What these words convey to my mind is "under the loads" and "over the loads", if I read them with an izaafat.


----------



## marrish

Me too! And they appear to be direct calques.


----------



## Alfaaz

QURESHPOR said:
			
		

> I think mine are more easily understood!
> 
> What these words convey to my mind is "under the loads" and "over the loads", if I read them with an izaafat.


Yes, it's probably true that your translations have greater comprehensibility! However, it seems (just as in the carcinogenic etc. thread) we are dealing with specialized terms, for which a higher register is usually preferred. 

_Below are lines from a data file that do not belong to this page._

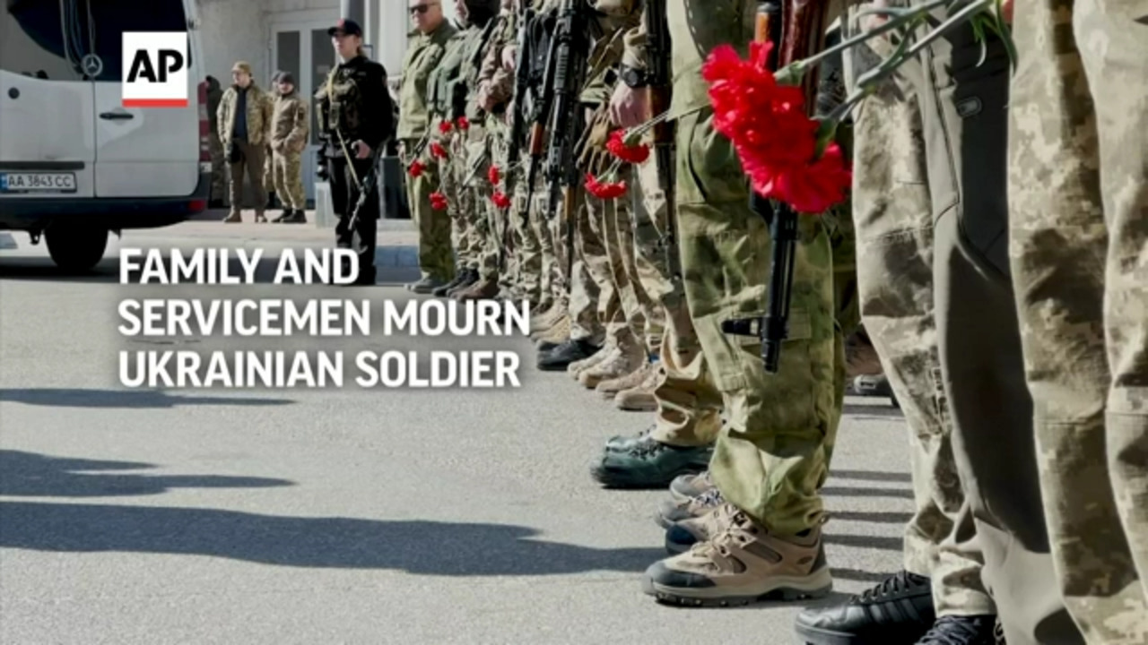 Family members and Ukrainian servicemen attended the funeral ceremony of marine Alexandr Khovtun, in Kyiv, on Sunday. (Associated Press)
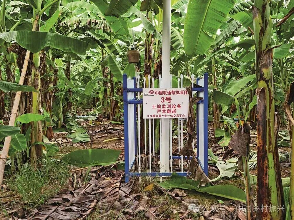 中国联通香蕉大数据产业园香蕉基地里的土壤监测设备。朱峰/摄
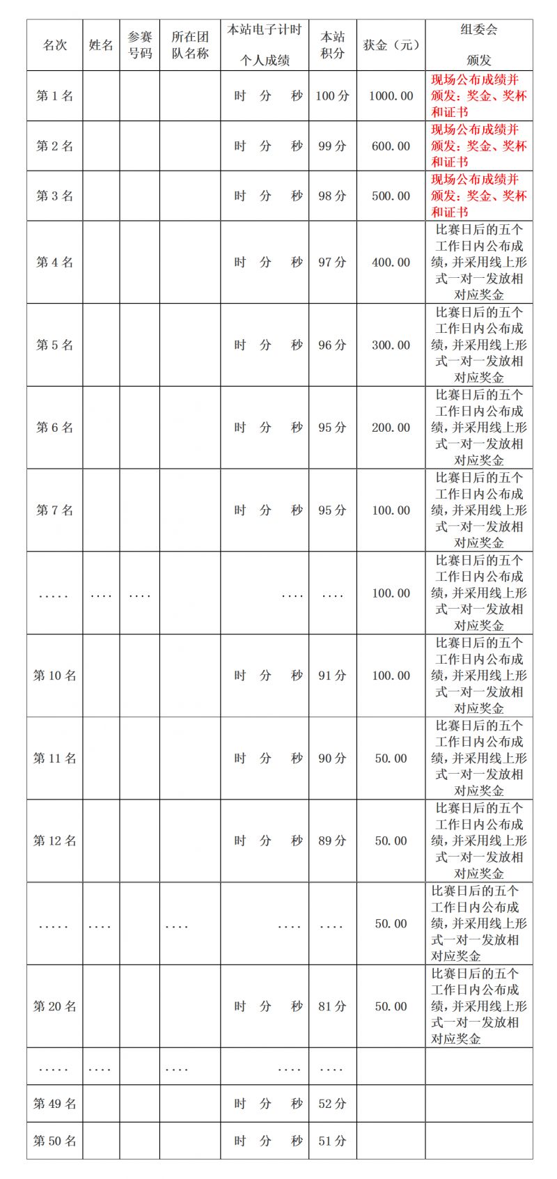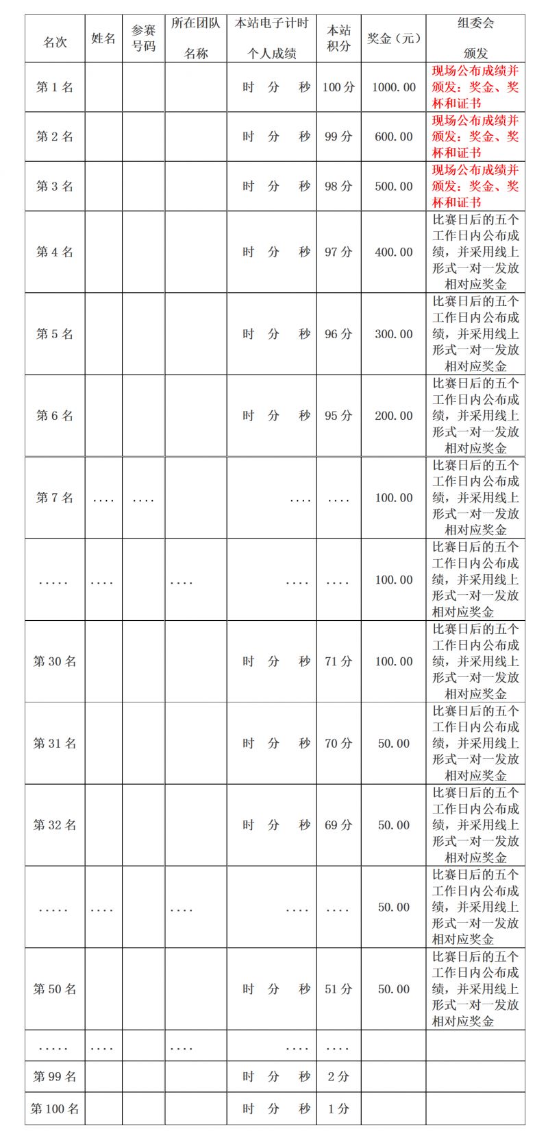 (二)本站赛事竞技组各组别设置名次奖金,其中分别获得四个组别前三名的车友,组委会在比赛终点现场公布本站赛事的电子计时成绩,并在终点现场参加颁奖仪式,领取奖金。
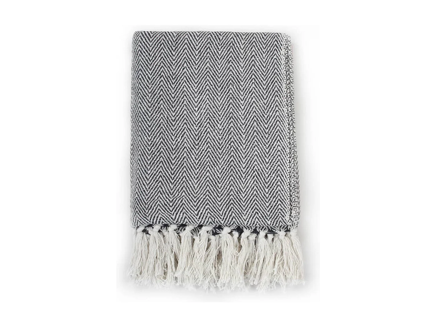Couverture | Plaid coton à chevrons 220x250 cm Bleu marine

Just in case anyone's interested, here's an Urdu Wikipedia page with many translations of technical/computer terms.


----------



## Qureshpor

^ You are of course right. But, if a simpler term can do the job, I think it ought to be adopted. I am not talking about about my effort, by the way.


----------



## marrish

I am very indebted for the replies from both the participants, to begin with. I think ''downoad'' is not a specialized term any more and it has become the part and parcel of everyday life, at least for some. I would like to have a easy-going term for day-to-day usage. A heavy term for ''_aap ne un jaanvaroN kii tasviireN ''download'' kar lii haiN?_'' seems out of place.


----------



## marrish

Alfaaz said:


> Yes, it's probably true that your translations have greater comprehensibility! However, it seems (just as in the carcinogenic etc. thread) we are dealing with specialized terms, for which a higher register is usually preferred.
> 
> *Just in case anyone's interested, here's an Urdu Wikipedia page with many translations of technical/computer terms. *


Very interesting, and thanks for sharing. I think we can have a discussion on each and every one of them, but to stick to the topic, I simply don't agree with the train of thought presented there which appears to be calquing (is there such a word in English?)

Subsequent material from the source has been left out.